An important message from our youth

Lindsey Schwalm, Contributing Writer

Students from across the globe are coming together to protest the single most important issue of our time: climate change. Children as young as nine years old are skipping school to grab the attention of both policymakers and the general public alike. Their demands are clear: the government should declare a “climate emergency.” The public should be informed about the seriousness of the problem, the school curriculum should include information about the climate crisis, and the age of voting should be decreased to 16, so they can have a say in the policy that will make or break their future.


The Youth 4 Climate Change rallies started in Sweden when 15-year-old Greta Thunberg started skipping school every Friday to sit in front of a Swedish Parliament building. Her acts of courage and defiance have sparked a wave of protests across the world, with students skipping school to protest and holding rallies of thousands to wake their governments up. There have been demonstrations across Sweden, the Netherlands, Australia, Canada, Denmark, Switzerland, Belgium, the United Kingdom, Germany, Ireland, Italy, and France – pulling numbers of up to 40,000 participants.

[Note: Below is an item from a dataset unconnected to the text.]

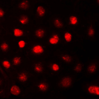 Immunofluorescent analysis of RB1 staining in COLO205 cells. Formalin-fixed cells were permeabilized with 0.1% Triton X-100 in TBS for 5-10 minutes and blocked with 3% BSA-PBS for 30 minutes at room temperature. Cells were probed with the primary antibody in 3% BSA-PBS and incubated overnight at 4 °C in a humidified chamber. Cells were washed with PBST and incubated with a DyLight 594-conjugated secondary antibody (red) in PBS at room temperature in the dark.
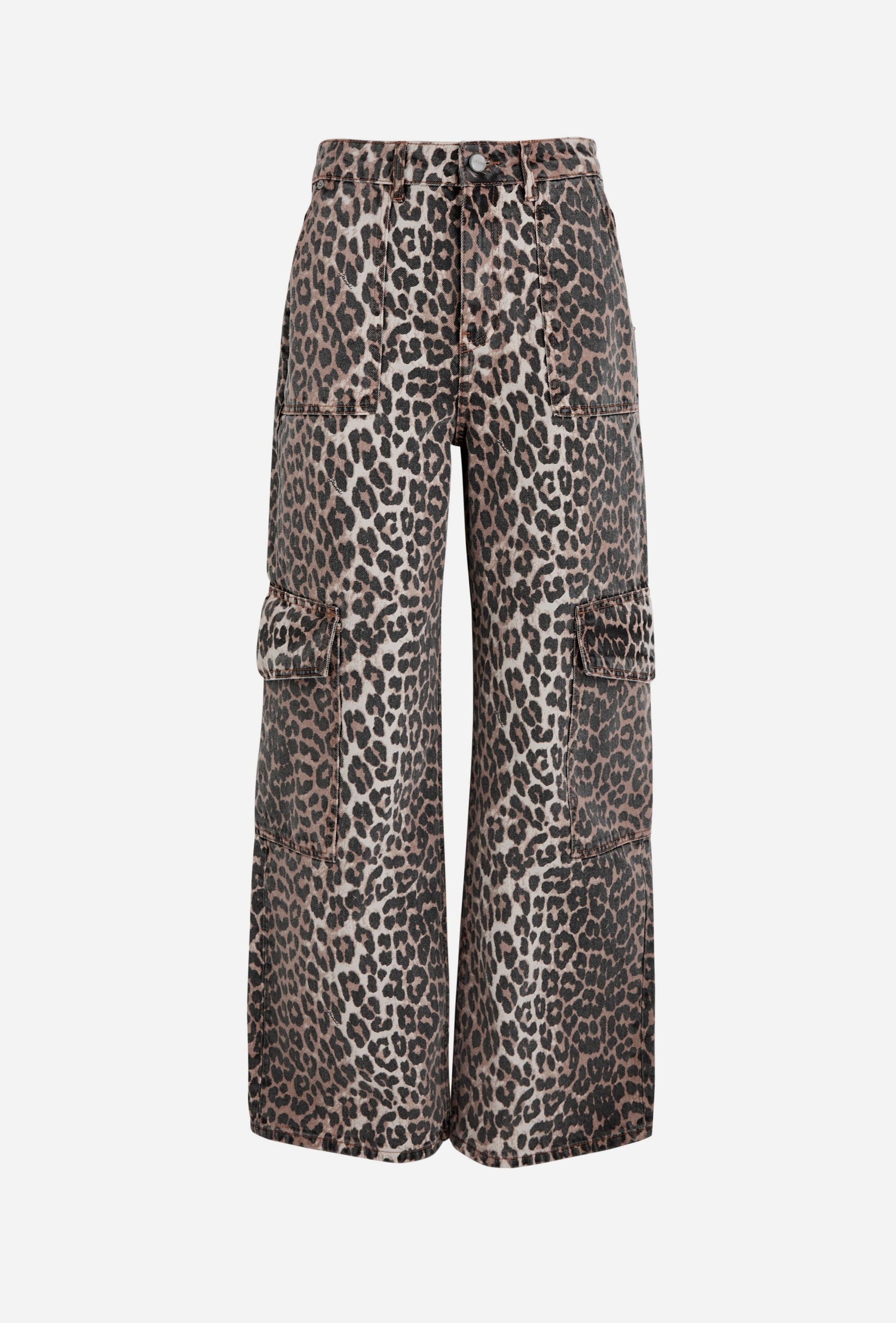 These Leopard Printed Angi Jeans Jeans feature a 5-pocket style with a zip and button closure, belt loops, cargo pockets on the lower leg and a GANNI logo at the back pocket

There has been much criticism toward the school kids from many adults including UK Prime Minister Theresa May, who says that they should not be wasting precious learning time. However, Thunberg clapped back to the criticism profoundly, saying, “British PM says that the children on school strike are ‘wasting lesson time.’  That may well be the case. But then again, political leaders have wasted 30 years of inaction. And that is slightly worse.” Despite missing lessons in the classroom, these students are some of the most brilliant individuals and are willing to take immediate action on what they are learning about the climate crisis.


By the time these kids are old enough to be policymakers, predictions have shown the earth will warm up by as much as 2.7 degrees Fahrenheit. This temperature increase will trigger more intense droughts, disappearing coastlines, and massive migrations to the areas that are tolerable and fertile. Many might think that this change is something that humanity can handle. However, a four-year study of 7,800 marine species around the world’s ecosystems also concluded that there will be fishless oceans by 2048 if we continue to overfish and reduce the biodiversity of the ocean. This reduces a large food source for an ever-growing population. These students’ concerns are real and clearly justified by the problem that we have on hand. If action is not taken now, the consequences will be drastic.


Not only are these youth defiant, but they are widely educated about a problem that will overwhelm the younger generations. These students have also called out the neglect of our policymakers to take this issue seriously, which needs to be done. Critics of the Youth 4 Climate Change group are right in noting that students should be in school instead of protesting, but the previous generations before them did not afford them that luxury. By the time they are adults, it will be too late to reverse the catastrophic damage to our planet. The time for action is now. Are you listening?